Exercise prompt: Identify every line in the records below that contains the word "they", and reproduce each one.

Source data:
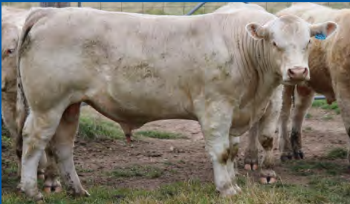
LOT 9 Wakefield Quarry (P) BIS Q260E
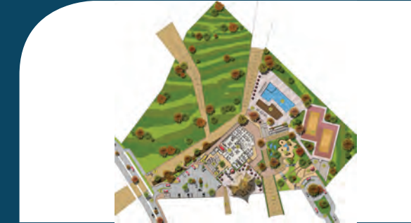
WADI DEGLA MIGAA GOLF CLUB KIAMBU - KENYA
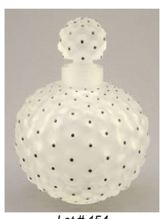
Lot # 154 154 Cristal Lalique Paris Cactus Perfume Bottle, 4 7/8"H.
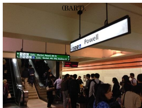
Reached at Powell Station from SFO by Bay Area Rapid Transit (BART).
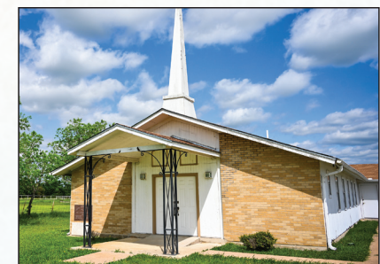
The Shiloh Baptist Church on Littig Street near Elgin holds regular worship services.

The unincorporated community of Littig in far eastern Travis County between Manor and Elgin is believed to be one of the oldest Freedom Colonies in Texas. It took root in the early 1880s on land donated by former slave Jackson Morrow, near where the Wilbarger, Willow and Dry creeks converge about two miles south of today's busy U.S. 290. Vestiges of the community, which prospered on good Blackland Prairie farmland, still stand on Littig Road, which is also County Road 76. At its peak, the town boasted schools, a post office (run by the state's first Black postmaster), a general store, two cotton gins and three churches, according to the Texas State Historical Association. Littig's population dropped from about 150 people in 1936 to 35 by the 1940s. It is still home to a small, mostly Black population. About 315 acres of Morrow's original land is owned by a conservation trust and is being developed into a farming cooperative.
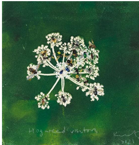
Hogweed visitors, 2021
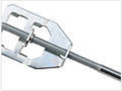
Screw clamp for screw-fitting enclosure
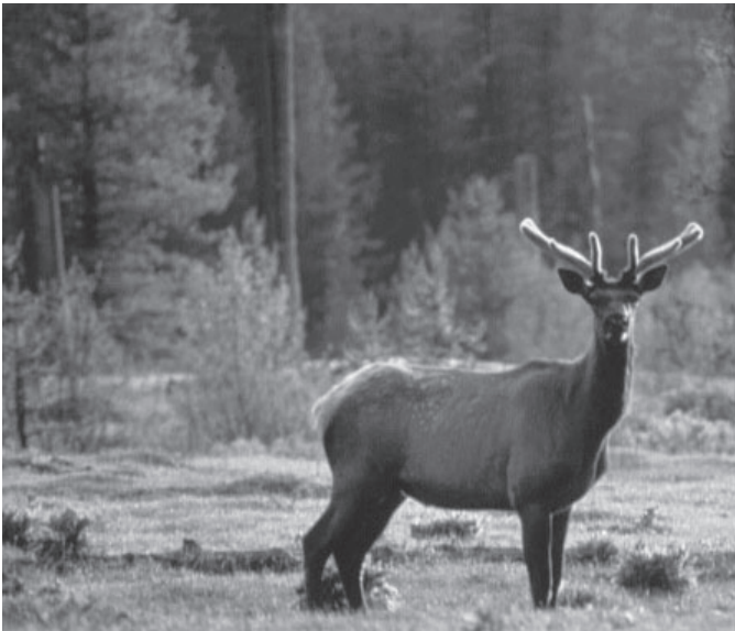
Wild Clearwater Elk
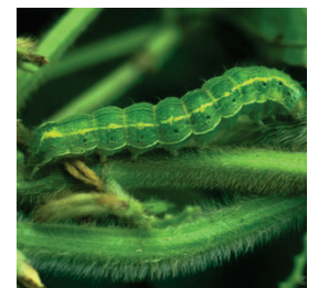
Figure 6. Soybean podworm feeding on soybean.
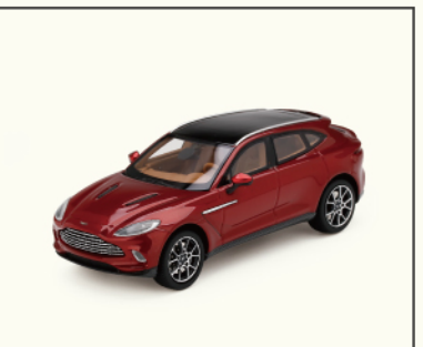
Aston Martin DBX Hyper Red TSM430497
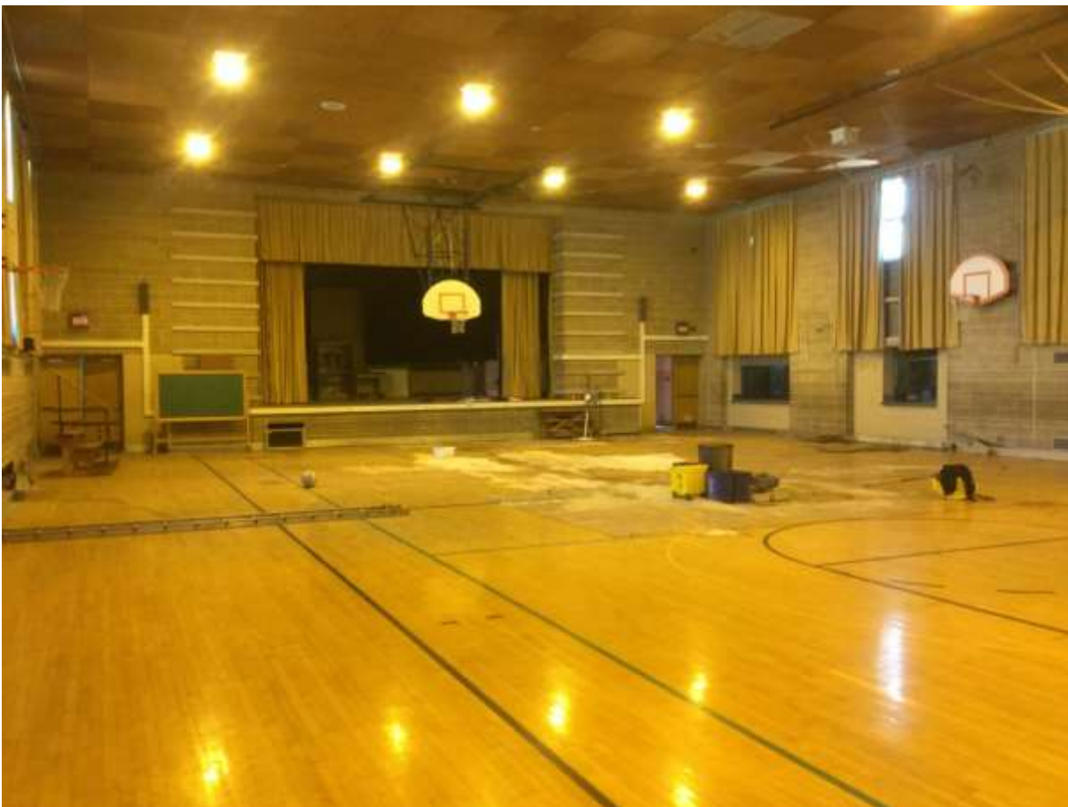
Gym / Stage
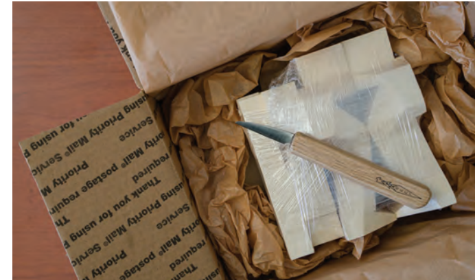
1,500 kits of tools and materials to aid student learning were packaged and sent for Folk Art School classes and programs in 2022.

“Excited to learn about traditions and arts, as well as history about Norway. Feel as though I missed my calling for the arts, but am grateful to experience them now through the museum.”
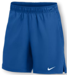
NEW NIKECOURT DRI-FIT SHORT 7IN FZ5652 Page 5
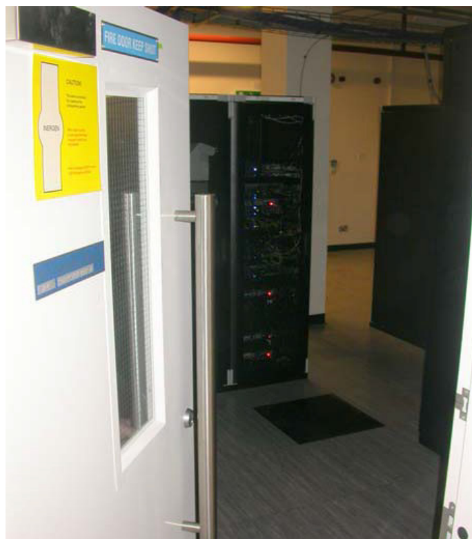
Security / fire door leads into new facility

for games like Unreal Tournament allowing online gaming. Like nearly all data services people expect the product 24/7. This creates its own challenges. Security approval, access and time on site are all key issues, if you can limit the number of engineers and the hours they work you suddenly save yourself a real headache. Copper and fibre preterm cabling are definitely a sensible solution reducing the man hours on site and guaranteeing quality terminations.”
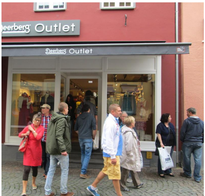
City Outlet Bad Münstereifel, Bad Münstereifel (D) City Outlet Bad Münstereifel GmbH (this picture was taken before the destruction by the flood disaster of Juli 2021)
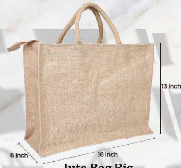
Jute Bag Big Rs.240/-

HSN - 42022230 | GST RATE 18% | MASTER CARTON PACKING 40 Qty
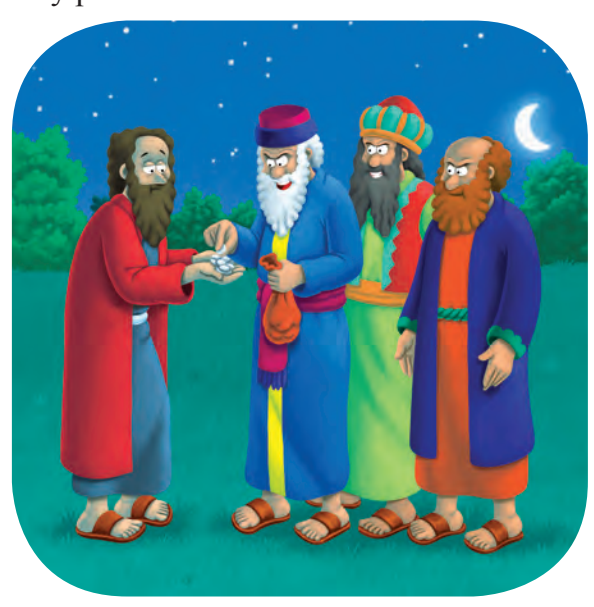
Help me to not be greedy, God!

God knows there are evil people in the world.
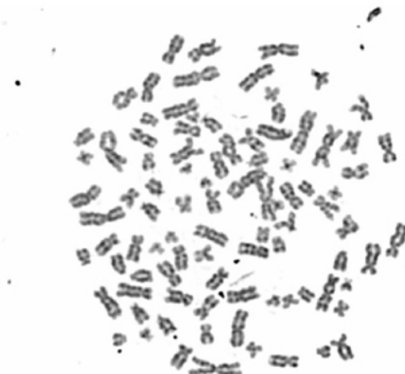
Figure 2. Metaphase of a cell from a patient with Nijmegen breakage syndrome showing tetraploidy in bone marrow cells.
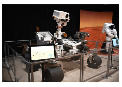
The Moon Rover
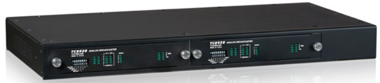
TC8928R (Housed in TCRM195 19" Rackmount Card Cage)

Intended for public safety and SCADA communications applications, the new TC8928 Analog Broadcaster/Bridge from TC Communications receives a single 4-wire 600 ohm analog signal and broadcasts it to up to 7 remote analog lines. It can be used in conjunction with the TC3846-6 Analog IP Gateway to broadcast over Ethernet networks.
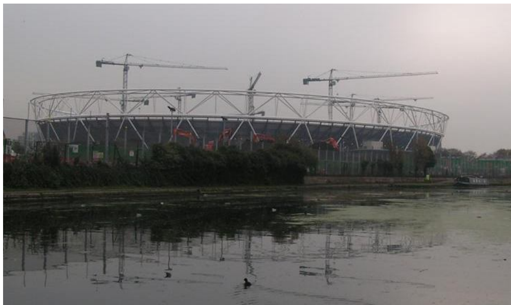
Olympic Stadium in full development

Before passing the industrial areas of the North Circular Road we cruise past more delightful areas such as Tottenham Marshes, Stonebridge Lock and Tottenham Lock. At Stonebridge there is the wonderful Watersedge Café where they serve excellent snacks, tea, coffee and cakes.
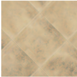
VS51 Pietra Vecchia
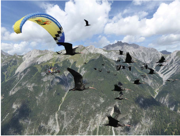
Microlight piloted by a foster parent leading northern bald ibises to the wintering site in southern Tuscany, Italy.

by human foster parents. After fledging the birds undergo a training programme to follow two microlights co-piloted by the foster parents. From mid August this migration leads in flight stages of c. 220 km per day from the breeding sites north of the Alps over c. 1,000 km to the wintering site in southern Tuscany, where the birds are released. During 2014–2019 a total of 154 birds were released. No release occurred in 2020 because of the COVID-19 pandemic.
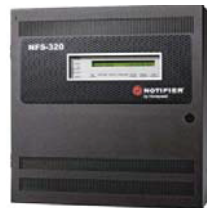
NFS - 320 Releasing Control Panel
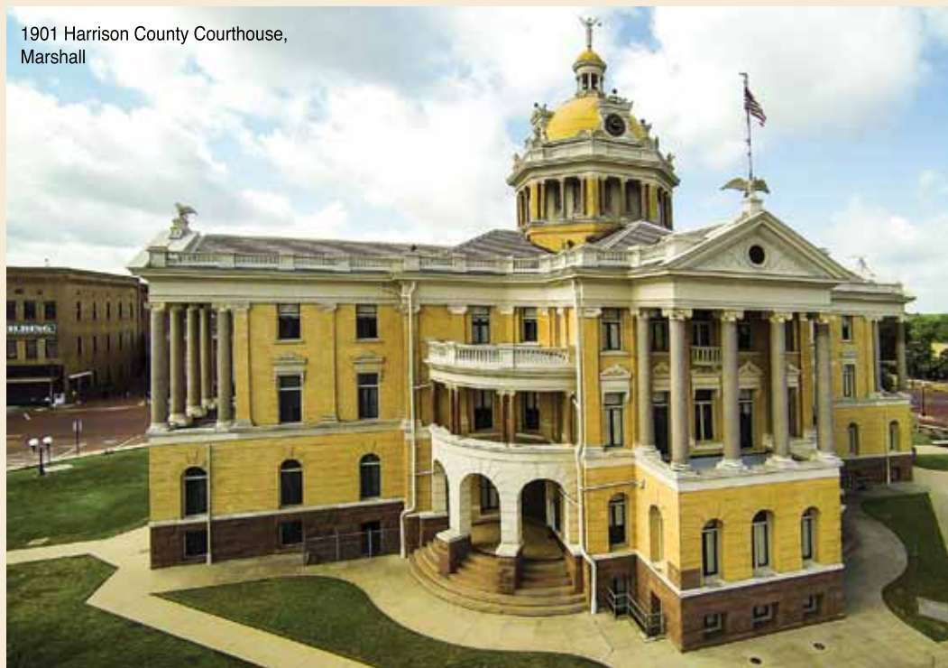
1901 Harrison County Courthouse, Marshall
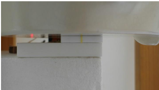
Front, Test Separation 5 mm
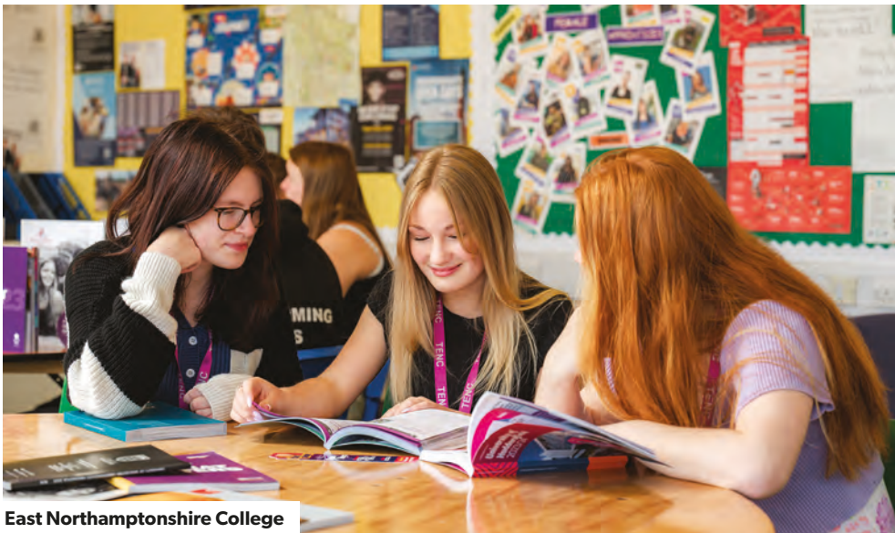
East Northamptonshire College

The East Northamptonshire College combines knowledge, expertise and resources from Rushden and Huxlow Academies (both part of the TOVE Learning Trust) into one Sixth Form Partnership.

Exercise solution:
for games like Unreal Tournament allowing online gaming. Like nearly all data services people expect the product 24/7. This creates its own challenges. Security approval, access and time on site are all key issues, if you can limit the number of engineers and the hours they work you suddenly save yourself a real headache. Copper and fibre preterm cabling are definitely a sensible solution reducing the man hours on site and guaranteeing quality terminations.”
Before passing the industrial areas of the North Circular Road we cruise past more delightful areas such as Tottenham Marshes, Stonebridge Lock and Tottenham Lock. At Stonebridge there is the wonderful Watersedge Café where they serve excellent snacks, tea, coffee and cakes.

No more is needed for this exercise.